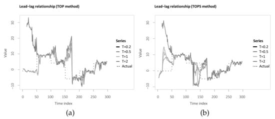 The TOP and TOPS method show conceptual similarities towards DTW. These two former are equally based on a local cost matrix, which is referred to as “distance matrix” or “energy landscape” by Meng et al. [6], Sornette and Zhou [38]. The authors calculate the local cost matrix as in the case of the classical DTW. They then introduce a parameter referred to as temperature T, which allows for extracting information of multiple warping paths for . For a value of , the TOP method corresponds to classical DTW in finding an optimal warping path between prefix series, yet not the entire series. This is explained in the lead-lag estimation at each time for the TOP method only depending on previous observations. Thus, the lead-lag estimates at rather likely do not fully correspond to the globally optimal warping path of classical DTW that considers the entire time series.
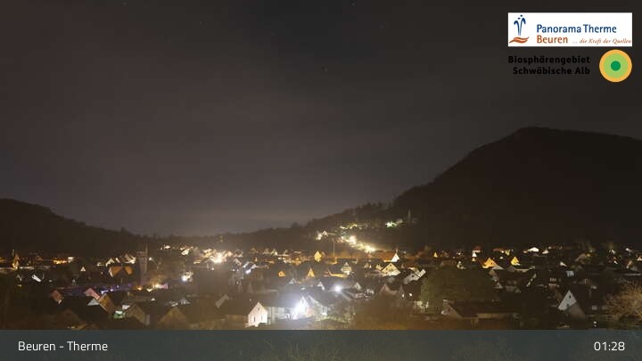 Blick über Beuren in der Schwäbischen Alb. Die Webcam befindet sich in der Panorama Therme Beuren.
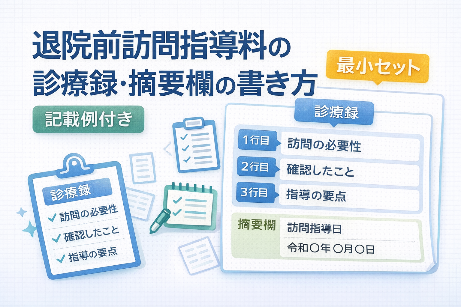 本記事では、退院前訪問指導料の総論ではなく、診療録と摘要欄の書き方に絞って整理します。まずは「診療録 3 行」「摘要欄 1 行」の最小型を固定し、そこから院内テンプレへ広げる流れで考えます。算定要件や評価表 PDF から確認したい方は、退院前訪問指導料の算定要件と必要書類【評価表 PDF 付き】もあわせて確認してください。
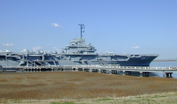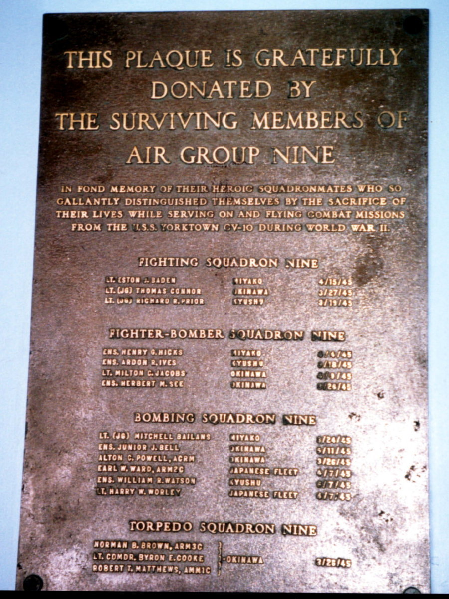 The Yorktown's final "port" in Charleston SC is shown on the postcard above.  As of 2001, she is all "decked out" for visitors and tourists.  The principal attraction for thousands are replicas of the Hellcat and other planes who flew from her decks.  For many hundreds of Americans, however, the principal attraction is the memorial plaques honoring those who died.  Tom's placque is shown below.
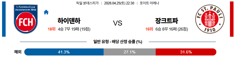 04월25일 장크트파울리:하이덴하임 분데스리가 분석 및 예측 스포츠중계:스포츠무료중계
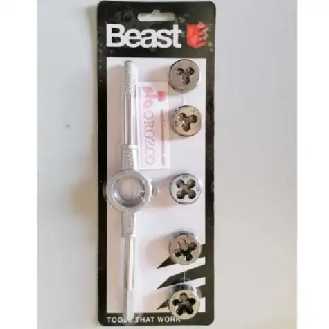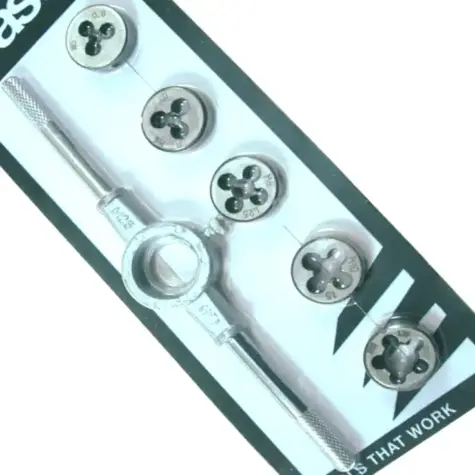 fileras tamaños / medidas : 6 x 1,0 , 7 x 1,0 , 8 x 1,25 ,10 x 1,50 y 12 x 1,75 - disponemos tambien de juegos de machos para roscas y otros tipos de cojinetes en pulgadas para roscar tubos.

* * *

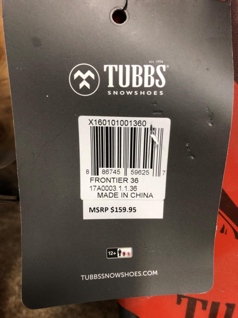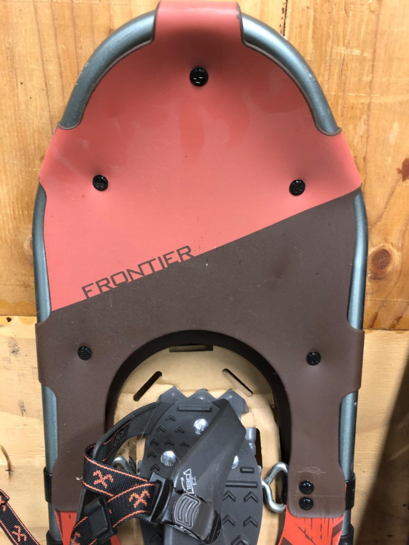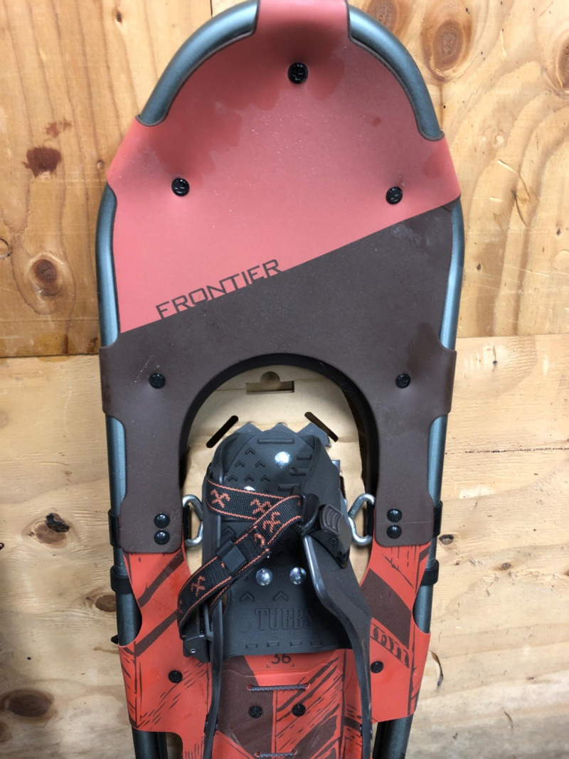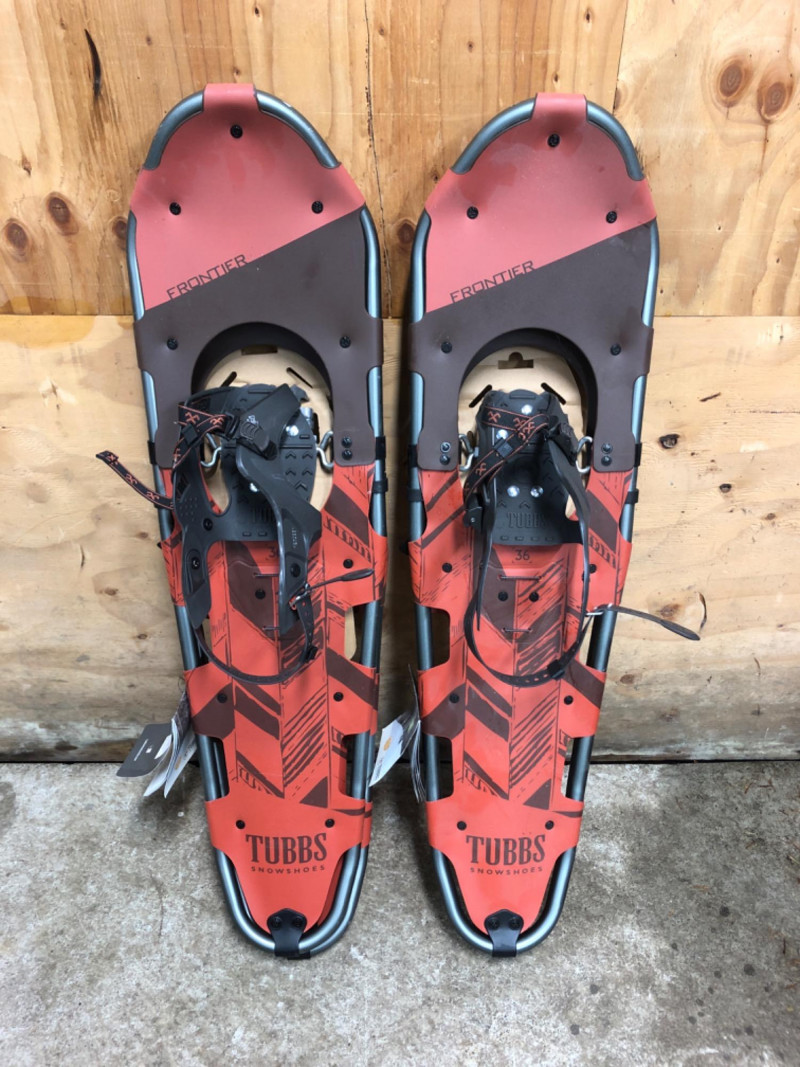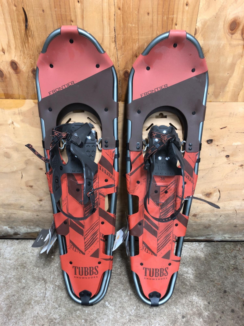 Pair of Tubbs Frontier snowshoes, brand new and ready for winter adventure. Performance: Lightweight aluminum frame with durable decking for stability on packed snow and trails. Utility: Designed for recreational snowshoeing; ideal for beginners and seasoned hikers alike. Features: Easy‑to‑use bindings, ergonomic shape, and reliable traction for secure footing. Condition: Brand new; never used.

_Exercise prompt_
Output exactly the lines above that lie between the line with "04월25일 장크트파울리:하이덴하임 분데스리가" and the line with "fileras tamaños /", those two lines included, and no pictures.

_Output of the task_
 04월25일 장크트파울리:하이덴하임 분데스리가 분석 및 예측 스포츠중계:스포츠무료중계
 fileras tamaños / medidas : 6 x 1,0 , 7 x 1,0 , 8 x 1,25 ,10 x 1,50 y 12 x 1,75 - disponemos tambien de juegos de machos para roscas y otros tipos de cojinetes en pulgadas para roscar tubos.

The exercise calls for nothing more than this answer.